Real-World Example: Text Classification Dataset

Let's create a more practical example: a dataset for text classification using tokenization and embeddings:

python
import torch
from torch.utils.data import Dataset

class TextClassificationDataset(Dataset):
    def __init__(self, texts, labels, tokenizer, max_length=128):
        """
        Dataset for text classification tasks.
        
        Args:
            texts (list): List of text strings
            labels (list): List of labels corresponding to the texts
            tokenizer: Tokenizer to convert text to tokens
            max_length (int): Maximum sequence length for padding/truncation
        """
        self.texts = texts
        self.labels = labels
        self.tokenizer = tokenizer
        self.max_length = max_length
    
    def __len__(self):
        return len(self.texts)
    
    def __getitem__(self, idx):
        text = self.texts[idx]
        label = self.labels[idx]
        
        # Tokenize the text
        encoding = self.tokenizer.encode_plus(
            text,
            add_special_tokens=True,
            max_length=self.max_length,
            return_token_type_ids=False,
            padding='max_length',
            truncation=True,
            return_attention_mask=True,
            return_tensors='pt',
        )
        
        # Convert to tensors
        input_ids = encoding['input_ids'].flatten()
        attention_mask = encoding['attention_mask'].flatten()
        
        return {
            'input_ids': input_ids,
            'attention_mask': attention_mask,
            'label': torch.tensor(label, dtype=torch.long)
        }

# Example usage (requires transformers library)
# from transformers import BertTokenizer
# tokenizer = BertTokenizer.from_pretrained('bert-base-uncased')

# example_texts = [
#     "I loved this movie!",
#     "This film was terrible.",
#     "An average movie, nothing special."
# ]
# example_labels = [1, 0, 0.5]  # 1 for positive, 0 for negative, 0.5 for neutral

# text_dataset = TextClassificationDataset(example_texts, example_labels, tokenizer)
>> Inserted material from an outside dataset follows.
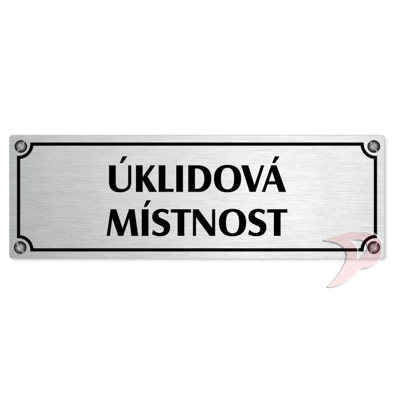 Úklidová místnost, 240x79mm, stříbrná popiska s imitacemi šroubků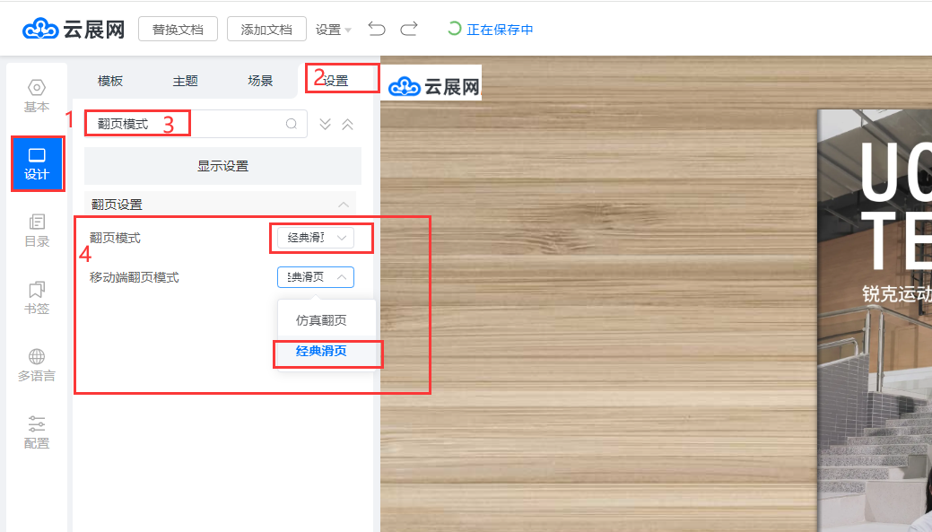 ①點擊【設計】,點擊【設置】,輸入“翻頁模式”關鍵字查詢,選擇經典滑頁

Tips for Efficient Custom Datasets

Lazy Loading: For large datasets, consider loading data on-demand in __getitem__ rather than loading everything in __init__.
Caching: Implement caching mechanisms for data that's expensive to load or process.

python
class CachedImageDataset(Dataset):
    def __init__(self, root_dir, transform=None, max_cache_size=100):
        self.root_dir = root_dir
        self.transform = transform
        self.image_files = [f for f in os.listdir(root_dir) 
                           if f.lower().endswith(('.png', '.jpg', '.jpeg'))]
        self.max_cache_size = max_cache_size
        self.cache = {}
    
    def __len__(self):
        return len(self.image_files)
    
    def __getitem__(self, idx):
        if idx in self.cache:
            image = self.cache[idx]
        else:
            img_name = os.path.join(self.root_dir, self.image_files[idx])
            image = Image.open(img_name).convert('RGB')
            
            # Manage cache size
            if len(self.cache) >= self.max_cache_size:
                self.cache.pop(next(iter(self.cache)))
            
            self.cache[idx] = image
        
        if self.transform:
            image = self.transform(image)
        
        # Dummy label for demo
        label = 0
        
        return image, label

Multiprocessing: Use num_workers parameter in DataLoader to parallelize data loading.

python
dataloader = DataLoader(
    dataset=dataset,
    batch_size=32,
    shuffle=True,
    num_workers=4,  # Adjust based on your CPU
    pin_memory=True  # Faster data transfer to GPU
)

Handling Imbalanced Datasets

For imbalanced datasets, you can create a sampler to adjust the sampling frequency:

python
from torch.utils.data import WeightedRandomSampler

class ImbalancedDataset(Dataset):
    def __init__(self, features, labels):
        self.features = features
        self.labels = labels
    
    def __len__(self):
        return len(self.labels)
    
    def __getitem__(self, idx):
        return self.features[idx], self.labels[idx]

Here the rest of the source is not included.